• [Problem statement]: Write again exactly the lines in the listing below, starting at the line with "Pforzheim. Der Gemeinderat" and ending at the line with "[照片說明]往湯釜的路上會經", both included. Pictures are not copied.

• [Supplied entries]:
-- Opening Marker --

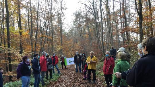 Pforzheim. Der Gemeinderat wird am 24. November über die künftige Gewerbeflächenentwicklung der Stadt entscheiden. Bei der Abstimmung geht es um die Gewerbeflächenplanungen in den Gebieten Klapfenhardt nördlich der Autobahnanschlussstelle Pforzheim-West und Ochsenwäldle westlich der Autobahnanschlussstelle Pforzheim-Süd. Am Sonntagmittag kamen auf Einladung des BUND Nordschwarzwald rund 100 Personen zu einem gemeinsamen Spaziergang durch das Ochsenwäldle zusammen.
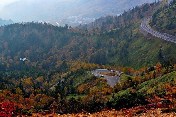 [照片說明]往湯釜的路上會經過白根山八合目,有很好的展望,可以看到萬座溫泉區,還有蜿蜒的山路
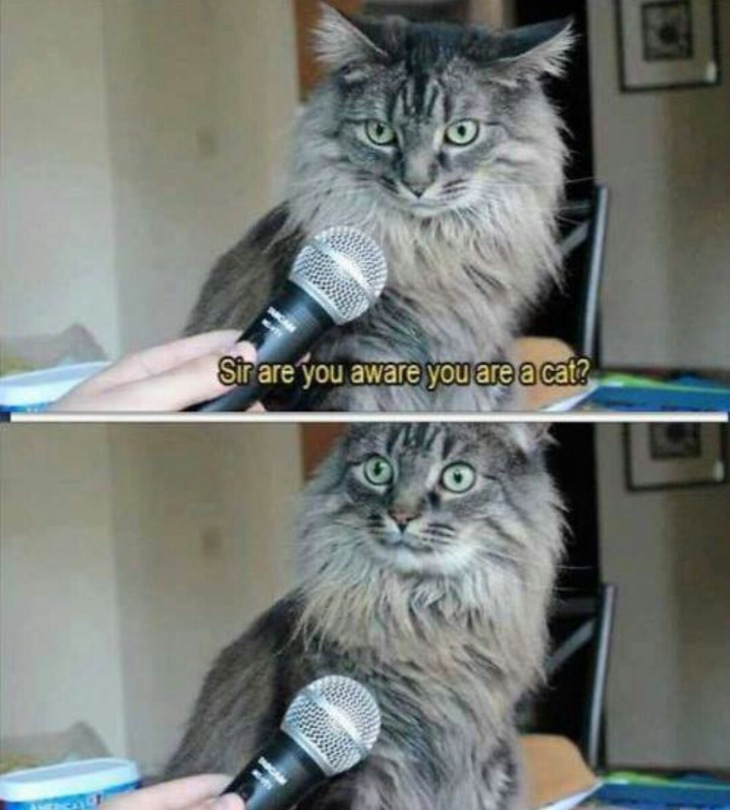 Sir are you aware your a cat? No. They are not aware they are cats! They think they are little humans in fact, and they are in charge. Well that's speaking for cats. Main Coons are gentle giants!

-- Closing Marker --
-- Opening Marker --

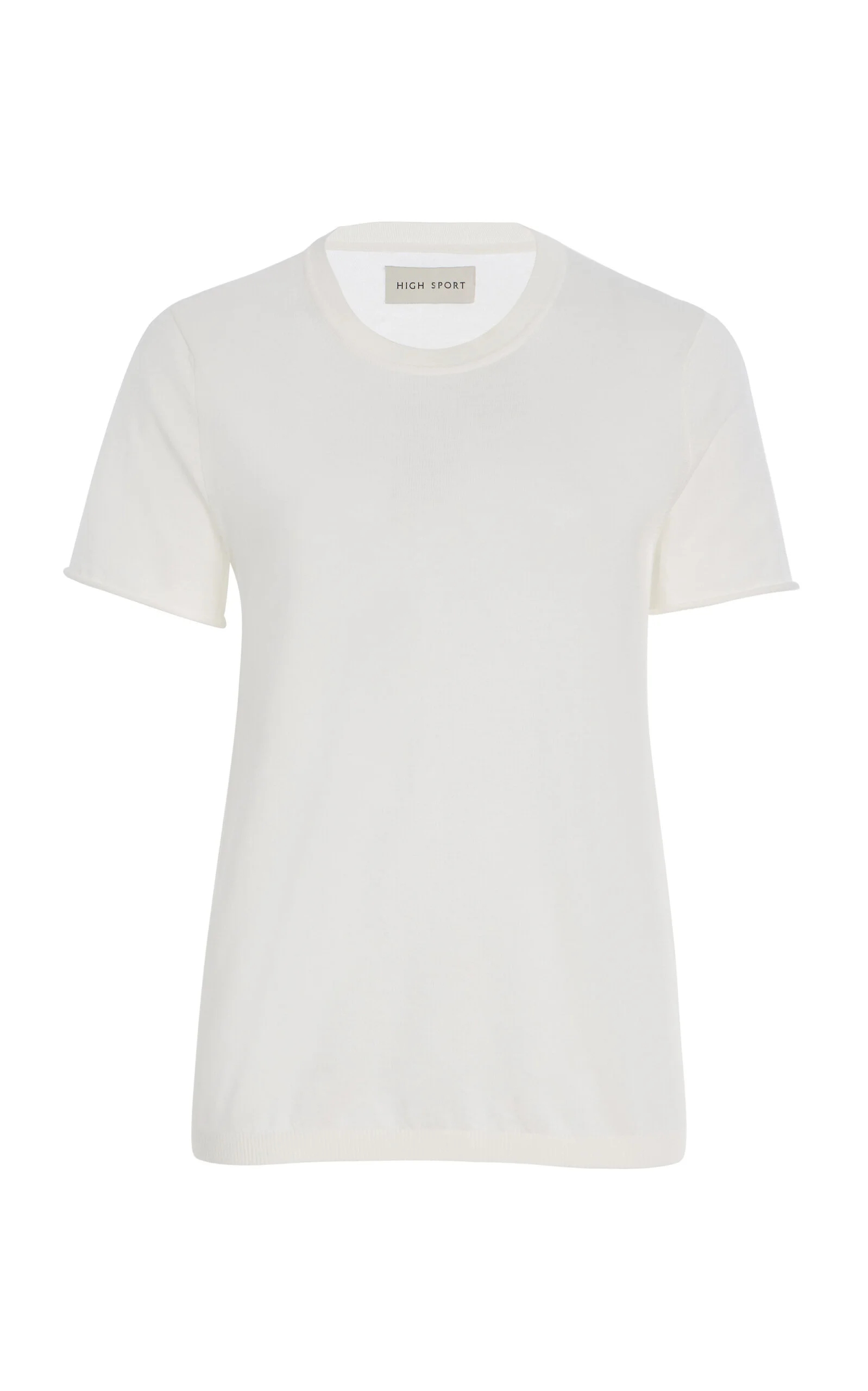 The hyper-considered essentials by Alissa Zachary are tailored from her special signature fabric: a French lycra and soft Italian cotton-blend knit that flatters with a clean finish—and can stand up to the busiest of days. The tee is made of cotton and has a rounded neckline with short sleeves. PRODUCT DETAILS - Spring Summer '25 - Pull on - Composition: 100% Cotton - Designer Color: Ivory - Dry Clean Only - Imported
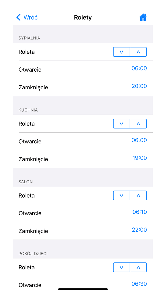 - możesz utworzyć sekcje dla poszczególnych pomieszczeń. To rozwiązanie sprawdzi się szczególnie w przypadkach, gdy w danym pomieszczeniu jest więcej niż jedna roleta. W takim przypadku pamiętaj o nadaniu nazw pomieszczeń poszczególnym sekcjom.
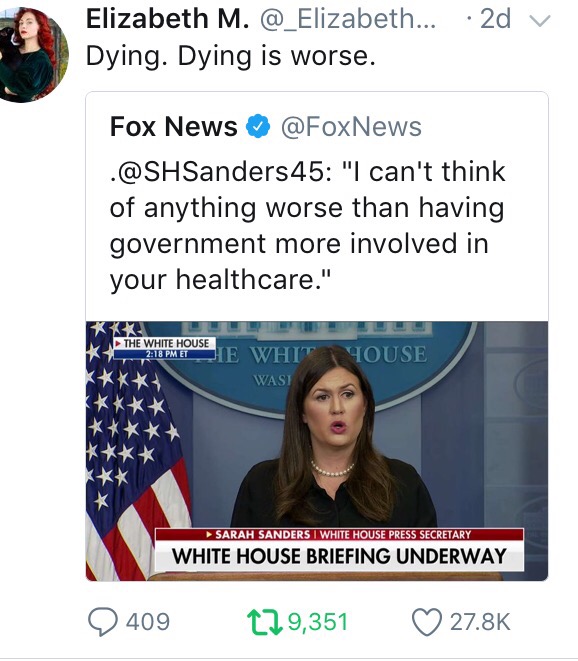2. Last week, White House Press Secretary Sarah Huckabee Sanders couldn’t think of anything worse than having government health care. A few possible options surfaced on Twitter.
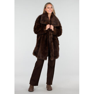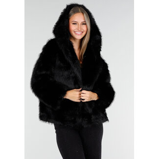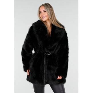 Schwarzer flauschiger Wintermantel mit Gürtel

-- Closing Marker --

• [Solved problem]:
 Pforzheim. Der Gemeinderat wird am 24. November über die künftige Gewerbeflächenentwicklung der Stadt entscheiden. Bei der Abstimmung geht es um die Gewerbeflächenplanungen in den Gebieten Klapfenhardt nördlich der Autobahnanschlussstelle Pforzheim-West und Ochsenwäldle westlich der Autobahnanschlussstelle Pforzheim-Süd. Am Sonntagmittag kamen auf Einladung des BUND Nordschwarzwald rund 100 Personen zu einem gemeinsamen Spaziergang durch das Ochsenwäldle zusammen.
 [照片說明]往湯釜的路上會經過白根山八合目,有很好的展望,可以看到萬座溫泉區,還有蜿蜒的山路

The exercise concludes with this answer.